Fleming, J. This cause has been justly regarded as one of the first importance, as it involves in it a great national and constitutional question of extreme delicacy; and has therefore been elaborately argued with great ability by some of the most distinguished characters of this bar; and has also received from the court the greatest attention, and the most mature deliberation. It is fortunate and satisfactory to find, that the opinion of the court is unanimous on the important occasion, though we have to regret, that, from a peculiar circumstance, one of our enlightened and worthy brethren did not sit in the cause; whose opinion-presuming he would have concurred with the rest of the court-would have added weight to the decision.

The question now to be decided, is not whether this court erred in the case of Hunter vs. Fairfax-but, whether, if so, the supreme court of the United States has jurisdiction to correct the error?

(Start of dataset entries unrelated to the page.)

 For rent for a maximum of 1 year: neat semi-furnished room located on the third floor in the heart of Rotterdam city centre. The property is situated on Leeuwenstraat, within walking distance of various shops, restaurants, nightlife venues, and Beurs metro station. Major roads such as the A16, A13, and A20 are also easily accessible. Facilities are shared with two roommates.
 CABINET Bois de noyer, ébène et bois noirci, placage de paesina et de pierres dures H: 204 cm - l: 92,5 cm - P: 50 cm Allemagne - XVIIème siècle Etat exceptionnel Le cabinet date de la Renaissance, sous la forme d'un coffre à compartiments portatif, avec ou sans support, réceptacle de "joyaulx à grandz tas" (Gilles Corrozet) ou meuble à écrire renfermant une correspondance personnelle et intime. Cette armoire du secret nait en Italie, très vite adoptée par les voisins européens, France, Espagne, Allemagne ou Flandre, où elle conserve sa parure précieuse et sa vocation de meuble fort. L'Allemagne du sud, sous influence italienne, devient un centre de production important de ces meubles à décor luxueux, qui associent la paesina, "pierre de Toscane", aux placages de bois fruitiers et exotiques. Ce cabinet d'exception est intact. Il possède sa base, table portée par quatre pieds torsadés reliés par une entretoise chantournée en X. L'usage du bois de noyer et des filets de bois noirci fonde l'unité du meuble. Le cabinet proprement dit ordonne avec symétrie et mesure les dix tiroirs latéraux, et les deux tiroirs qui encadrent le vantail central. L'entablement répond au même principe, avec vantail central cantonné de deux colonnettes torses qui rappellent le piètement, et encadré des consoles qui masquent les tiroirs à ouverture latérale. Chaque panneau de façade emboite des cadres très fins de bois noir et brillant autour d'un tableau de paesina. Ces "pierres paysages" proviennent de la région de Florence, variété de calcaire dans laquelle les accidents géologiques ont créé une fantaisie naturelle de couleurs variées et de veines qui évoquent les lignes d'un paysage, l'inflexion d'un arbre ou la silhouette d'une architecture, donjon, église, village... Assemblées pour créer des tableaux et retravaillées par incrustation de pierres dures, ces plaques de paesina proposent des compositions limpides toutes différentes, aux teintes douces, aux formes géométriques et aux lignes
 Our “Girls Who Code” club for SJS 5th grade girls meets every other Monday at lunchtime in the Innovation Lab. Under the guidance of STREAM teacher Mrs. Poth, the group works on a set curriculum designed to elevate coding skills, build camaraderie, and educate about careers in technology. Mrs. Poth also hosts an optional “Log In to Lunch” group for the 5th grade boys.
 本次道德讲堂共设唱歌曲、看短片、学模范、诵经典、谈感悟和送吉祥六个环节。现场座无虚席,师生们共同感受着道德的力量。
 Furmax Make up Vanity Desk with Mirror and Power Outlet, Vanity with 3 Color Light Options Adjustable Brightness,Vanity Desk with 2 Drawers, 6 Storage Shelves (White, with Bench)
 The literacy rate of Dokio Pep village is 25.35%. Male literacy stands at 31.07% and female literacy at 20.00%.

It seems unnecessary for me to travel again over the extensive field of discussion that has been so amply and ably explored by the judges who have preceded me, and I shall therefore not enter into abstract reasoning, but be content with briefly noticing a few of the most prominent points in the cause; in doing which, however, a repetition of many of the remarks already made, cannot be well avoided.

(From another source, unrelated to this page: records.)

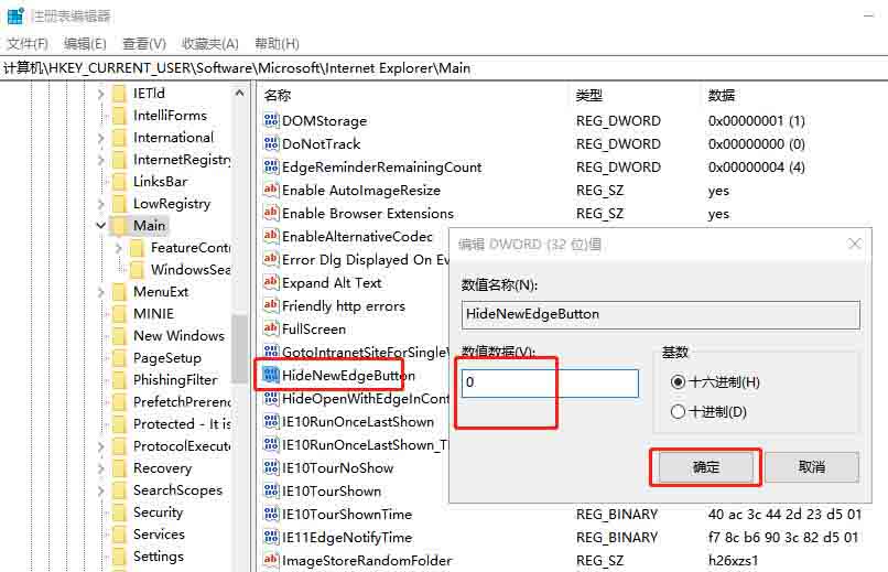 3、在右侧页面,找到并双击【HideNewEdgeButton】的DWORD(32位)值,把它的数值数据设置为【0】,然后点击【确定】即可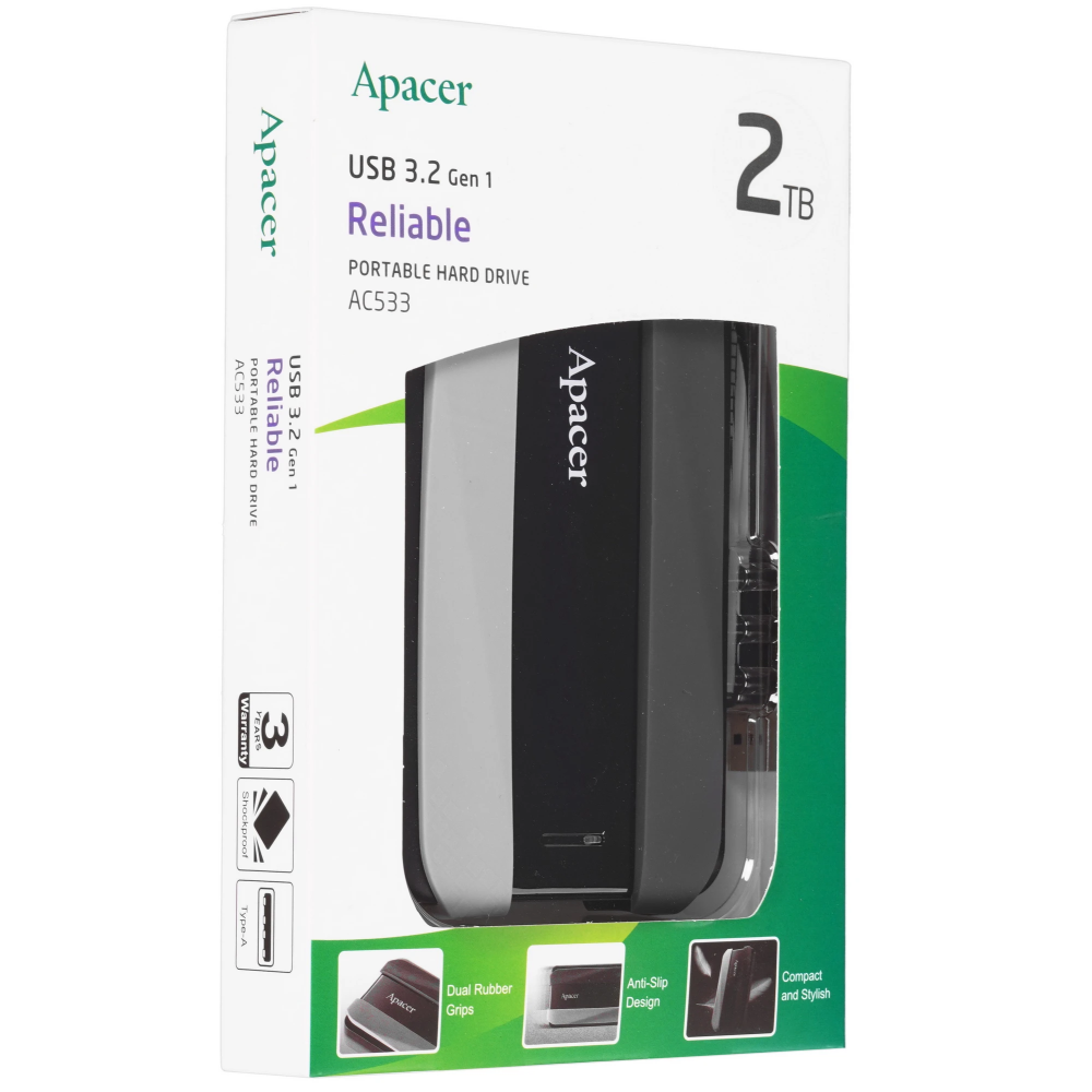 Внешний HDD Apacer AC533 объемом 2 ТБ станет надежным выбором в качестве портативного запоминающего устройства, которое можно носить с собой. Накопитель выполнен в пластиковом глянцевом корпусе с двумя съемными резиновыми лентами, защищающими жесткий диск от ударов. Накопитель оснащен скоростным портом USB 3.2 Gen 1 Type A и поставляется в комплекте с соответствующим интерфейсным кабелем.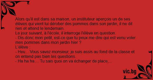 - Ha ha ha.... Tu sais quoi on va échanger de place, viens au tableau et pose moi une question.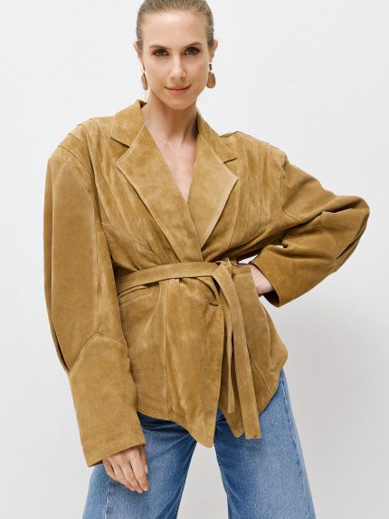 Suede Belted Jacket – Camel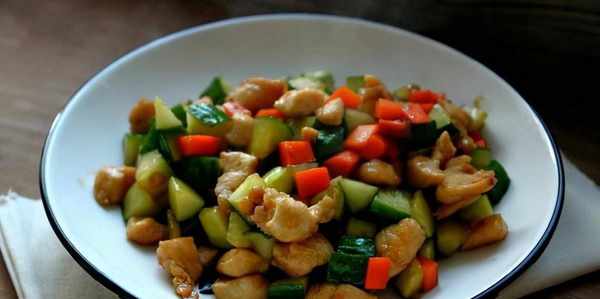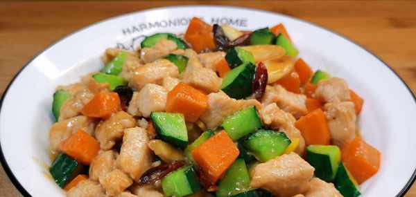 起鍋燒油,油熱之後將雞胸肉放進去,炒至變色後盛出,另起鍋燒油,將蔥薑蒜放進去炒香之後,再把黃瓜和胡蘿卜放進去,翻炒均勻,然後再把雞胸肉放進去,加點食鹽,生抽,雞精來調味,翻炒均勻,最後在加點淀粉打個薄芡,開大火收個湯汁就好瞭。

I shall inquire, 1st, whether the 25th section of the judicial act of congress, so far as it respects the case before us, is justified by the constitution? and 2d. whether this case is comprehended within the provision of that section?-And, as a preliminary to those inquiries, I shall take the liberty of quoting a few passages in a celebrated book, styled the Federalist, which was often cited in the argument of this cause.

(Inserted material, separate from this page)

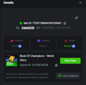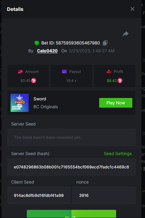 Calo0420 replied to BCGame_Maxim's topic in VIP Challenges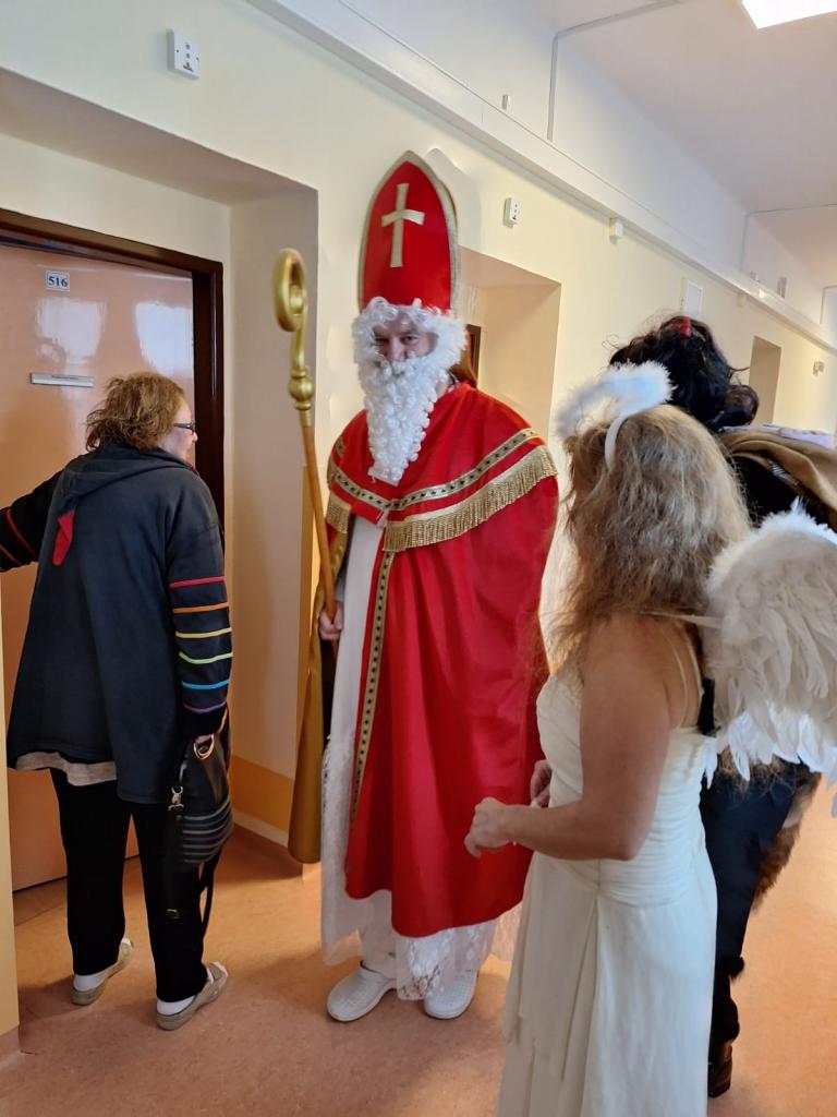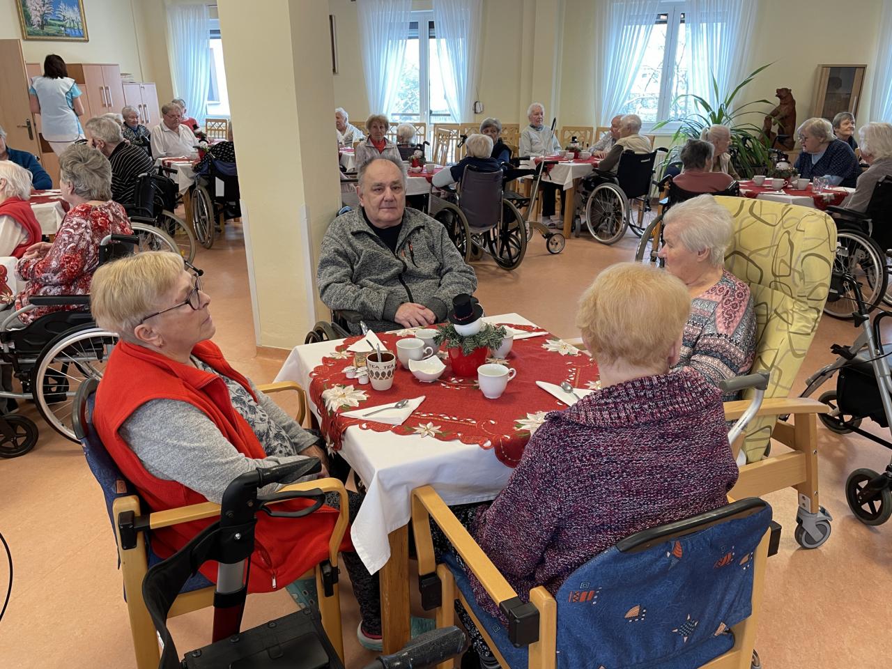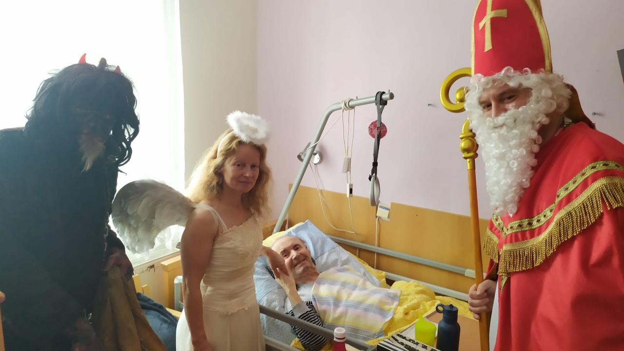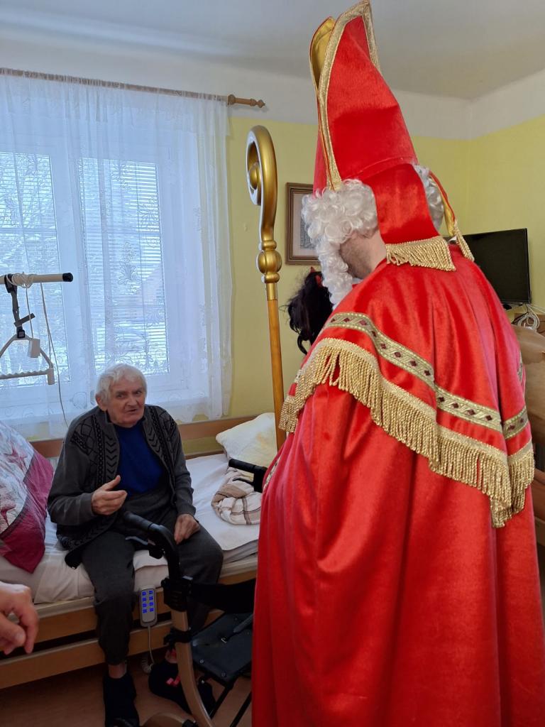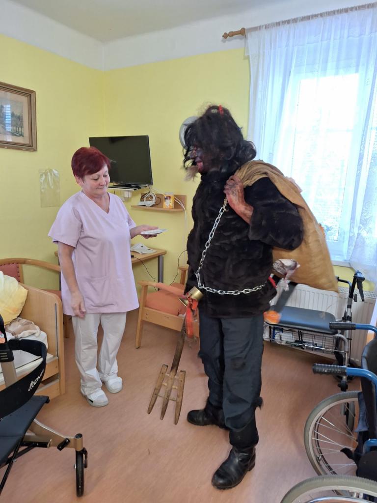 Návštěva Mikuláše, anděla a čerta na pokojích klientů, ale také zastávka na Mikulášské kavárně. Tato trojice vždy vykouzlí úsměv na tvářích našich klientů.

The author, a zealous friend of the constitution, avowedly an advocate for its adoption by the states; and written to obviate some objections that had been made respecting its powers, observed in volume 2d, page 26, that if the government be national with regard to the operation of its powers, it changes its aspect when we contemplate it in relation to the extent of its powers. The idea of a national government, (says the book,) involves in it, not only an authority over the individual citizens, but an indefinite supremacy over all persons and things, so far as they are objects of lawful government.Among a people consolidated into one nation, this supremacy is completely vested in the national legislature.

"Among communities united for particular purposes, it is vested partly in the general, and partly in the municipal legislatures-In the former case, all local authorities are subordinate to the supreme and may be controlled, directed, or abolished by it at pleasure.--In the latter (the case of our own government)-the local or municipal authorities form distinct and independent portions of the supremacy, no more subject, within their respective spheres, to the general authority, than the general authority is subject to them, within its own sphere.-In this relation then, the proposed government cannot be deemed a national one, since its jurisdiction extends to certain enumerated objects only; and leaves to the several states a residuary and inviolable sovereignty over all other objects."

The legislatures of the several states, not satisfied that the above just principles would always govern in the construction of or expounding the constitution of the United States, obtained an amendment thereto, explicitly declaring that "The powers not delegated to the United States, by the constitution, nor prohibited by it to the states, are reserved to the states respectively, or to the people."

Let us now apply those inestimable principles to the case under consideration, and inquire whether the 25th section of the judicial act of congress, so far as it respects the case before us, is justified by the constitution? By the third article of which, section the first-" The judicial power of the United States No. XXIII.